Sementara itu, untuk wilayah Jawa bagian timur, Lombok, Bali, Nusa Tenggara Barat (NTB), Nusa Tenggara Timur (NTT), hujan ekstrem meningkat selama musim kemarau.
Selain itu, cuaca ekstrem mengalami eskalasi skala spasial yang semakin luas dan skala temporal yang lebih panjang sehingga membangkitkan kejadian ekstrem (extreme event) di atmosfer sehingga skala dampak yang ditimbulkan pun menjadi masif dan luas.
Menurut Erma, terdapat perbedaan antara cuaca ekstrem dan kejadian ekstrem. Cuaca ekstrem biasanya terjadi untuk skala yang lokal di suatu wilayah tertentu dan memiliki durasi kejadian yang singkat, kurang dari sejam atau maksimal sekitar dua hingga tiga jam.
Kejadian ekstrem secara waktu lebih lama karena memiliki setidaknya dua ciri: persisten atau bertahan lama dan sustain atau terus berlanjut. Secara skala spasial pun lebih luas karena mengacu pada gangguan cuaca skala sinoptik dalam rentang skala spasial ratusan hingga ribuan kilometer.
Selan itu, dampak merusak dari suatu kejadian ekstrem bersifat katastropik atau massal, dapat menelan korban ratusan bahkan ribuan jiwa.
Kajian terbaru yang dilakukan oleh tim di BRIN menunjukkan, kejadian ekstrem ini mengalami peningkatan karena faktor-faktor penyebabnya semakin intensif terjadi di Indonesia.
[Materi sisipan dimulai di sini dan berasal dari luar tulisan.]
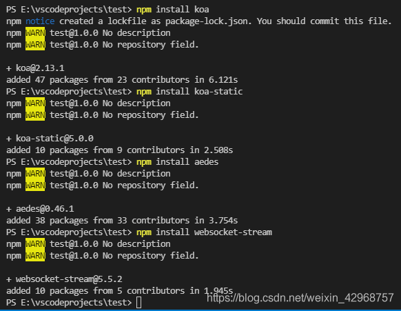我们需要安装的依赖包有aedes 、koa 、koa-static 、websocket-stream这四个依赖包就够了。当然如果功能更复杂的话,可能需要更多的依赖包,但基于我们的目标,将nodemcu发布的mqtt话题的信息上传到web网页端,这四个依赖包就能完成。如下指令, PS: 有的教程会加上–save,其实可以不加,因为从npm5.0版本后,安装的包的信息都是默认添加到package.jason文件中的。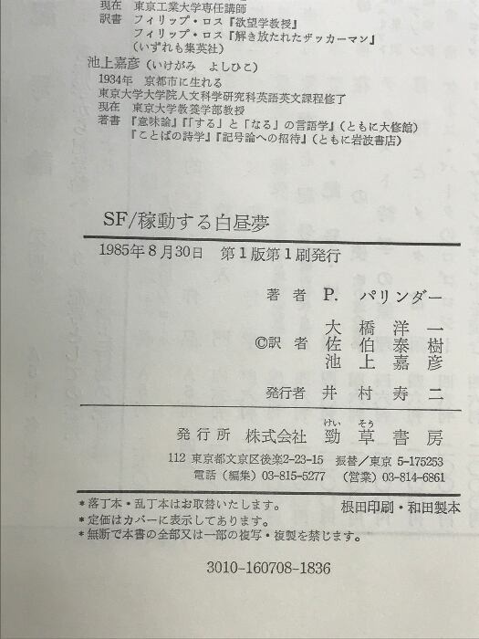 SF/稼動する白昼夢 勁草書房 パトリック・パリンダー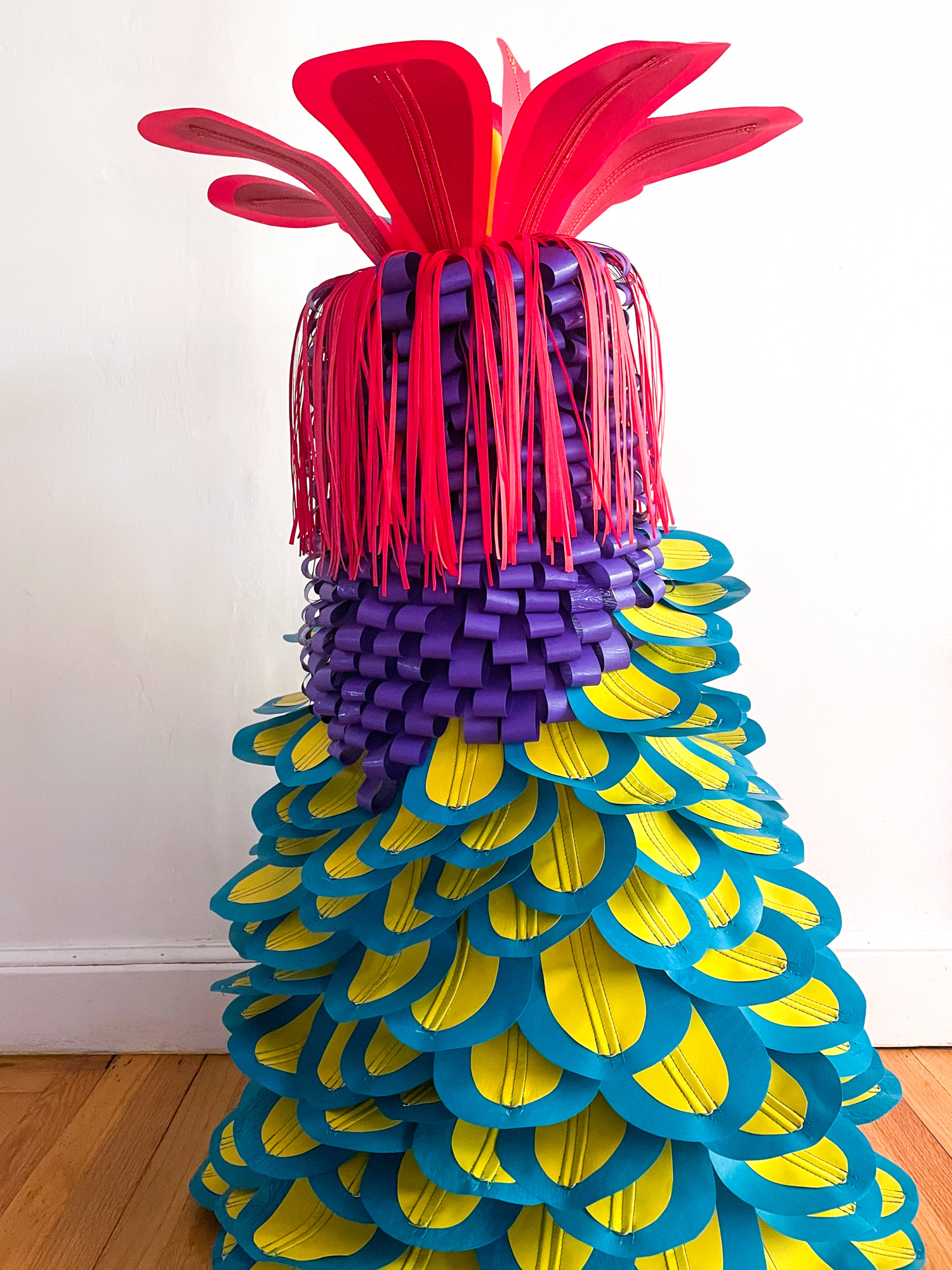 plastic bags, chicken wire, thread

Studi tersebut menjelaskan mengenai mekanisme terbentuknya cikal bakal bibit Siklon Seroja yang tumbuh dari badai vorteks intensif selama 10 hari di perairan Banda, dan berlanjut terus menjadi siklon Seroja dan menelan korban 181 orang meninggal di Flores, NTT, pada 4 April 2021.
Mekanisme terbentuknya siklon Seroja ini ditunjukkan dalam studi dari tim di BRIN memiliki frekuensi selama dua tahun sekali. Hal ini cukup mengejutkan karena studi sebelumnya mengonfirmasi peluang siklon terbentuk di dekat ekuator hanya 100 400 tahun sekali (Chang, 2003).
Kajian dari tim di BRIN tersebut dinyatakan diterima pada 1 April 2023 jurnal international Natural Hazards berjudul: Evolution of Double Vortices Induced Seroja Tropical Cyclogenesis over Flores, Indonesia.